Because diagnostic criteria have shifted over the years, the genetic aspects of pleomorphic MFH are difficult to evaluate. Among the more than 60 cases in the Mitelman Database of Chromosome Alterations in Cancer published as storiform or pleomorphic MFH or MFH not otherwise specified, the karyotypes are highly complex. The majority of tumors have chromosome numbers in the triploid or tetraploid range, but a few have near-haploid karyotypes.124–148 No specific aberrations have emerged, but telomeric associations, ring chromosomes, and/or dicentric chromosomes are frequent, although not specific for pleomorphic MFH. Unfortunately many of the cytogenetic and array-based CGH studies to date have included heterogeneous groups of tumors characterized as MFH; these studies typically show loss of 2p24, 2q32, and chromosomes 11, 13, and 16 along with gains of 7p15, 7q32, and 1p31.129–132 In many of these CGH studies, the copy number profiles of the majority of pleomorphic MFH closely resembled those of leiomyosarcomas133–135 or pleomorphic or dedifferentiated liposarcomas.136–138 Mutations and/or deletions of TP53, RB1, and INK4a have been suggested to play a critical role in pleomorphic MFH oncogenesis.131,133,139–2
Leiomyosarcoma
Leiomyosarcoma is a malignant tumor composed of cells showing distinct smooth muscle features and typically containing intersecting, sharply marginated groups of spindle cells. Karyotypes tend to be complex, with amplifications, gains, and losses involving multiple chromosomes, and karyotype generally differs between tumors.142–144 Frequent losses of 1p12-pter, 2p, 13q14-q21 (including the RB1 tumor suppressor),145 10q (including PTEN),146 and 16q and gains of 17p, 8q, and 1q21-31regions have been observed and have been associated with aggressive clinical behavior.

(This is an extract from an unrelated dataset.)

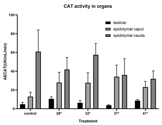 The specific SOD activity determined in the testis of H. propinqua at a temperature of 28° and up to 37 °C showed no differences. However, SOD activity in the 41 °C treatment compared to the control group (p = 0.0534) decreased by ~75% (Figure 3). In the epididymis, SOD activity decreased in the 28 and 32 °C treatments at the level of the epididymal cauda (F = 1.250, p = 0.3382; F = 3.894, p = 0.0215, respectively), compared to the caudal region of the control group (Figure 3). It can be seen in Figure 4 that there are no significant differences when comparing GPX activity in the testis (F = 0.5336, p = 0.7127) and the different regions of the epididymis (caput, p = 0.625; cauda, F = 0.3097, p = 0.8681) between treatments. Likewise, no significant differences were found in testicular or epididymal CAT activity in the various treatments to which the organisms were subjected (testis, F = 0.7122, p = 0.5932; caput, p = 0.6296; cauda, p = 0.7396) (Figure 5).

In an analysis of copy number alterations in 27 leiomyosarcomas,19 deletions, which were more common than amplifications, included well-characterized tumor suppressors like TP53, BRCA2, RB1, and FANCA. The most prominent changes were chromosome 10 deletions (approximately 50%-70% of cases) (Fig. 26.2). Indeed, genetic inactivation of Pten (human 10q23.21) in smooth muscle in mice recapitulates human leiomyosarcoma,147 suggesting 10q loss occurs early in leiomyosarcomagenesis. In addition to PTEN inactivation, we identified homozygous deletions in MTOR. Because PTEN is a repressor of Akt, both these events suggest a critical role for aberrant Akt-mTOR signaling in leiomyosarcoma. Inhibition of mTOR using rapamycin analogues such as everolimus (RAD001) has shown some efficacy in patients with leiomyosarcoma in recent clinical trials.148 Furthermore, RB1 deletion is common in leiomyosarcomas, with 70% harboring heterozygous deletions and 8% homozygous deletions. A role for RB1 deletion in leiomyosarcoma fits with the high frequency of leiomyosarcoma observed in individuals with hereditary retinoblastoma.149
Malignant Peripheral Nerve Sheath Tumor
Malignant peripheral nerve sheath tumors (MPNSTs) are highly aggressive soft tissue sarcomas that rarely occur in the general population, but are much more common in patients with the hereditary tumor predisposition syndrome neurofibromatosis type 1 (NF1), which is caused by heterozygous mutations of the NF1 gene. NF1 patients have a lifetime incidence of MPNST of 8% to 13%.150 Morphologically, MPNSTs are monomorphic spindle cell tumors often with alternating myxoid and cellular areas. In well-differentiated lesions, tumor cell nuclei are typically buckled, resembling the pattern in neurofibroma. The spindle cells in MPNSTs are typically focally reactive for S100 protein in 50% to 70% of cases.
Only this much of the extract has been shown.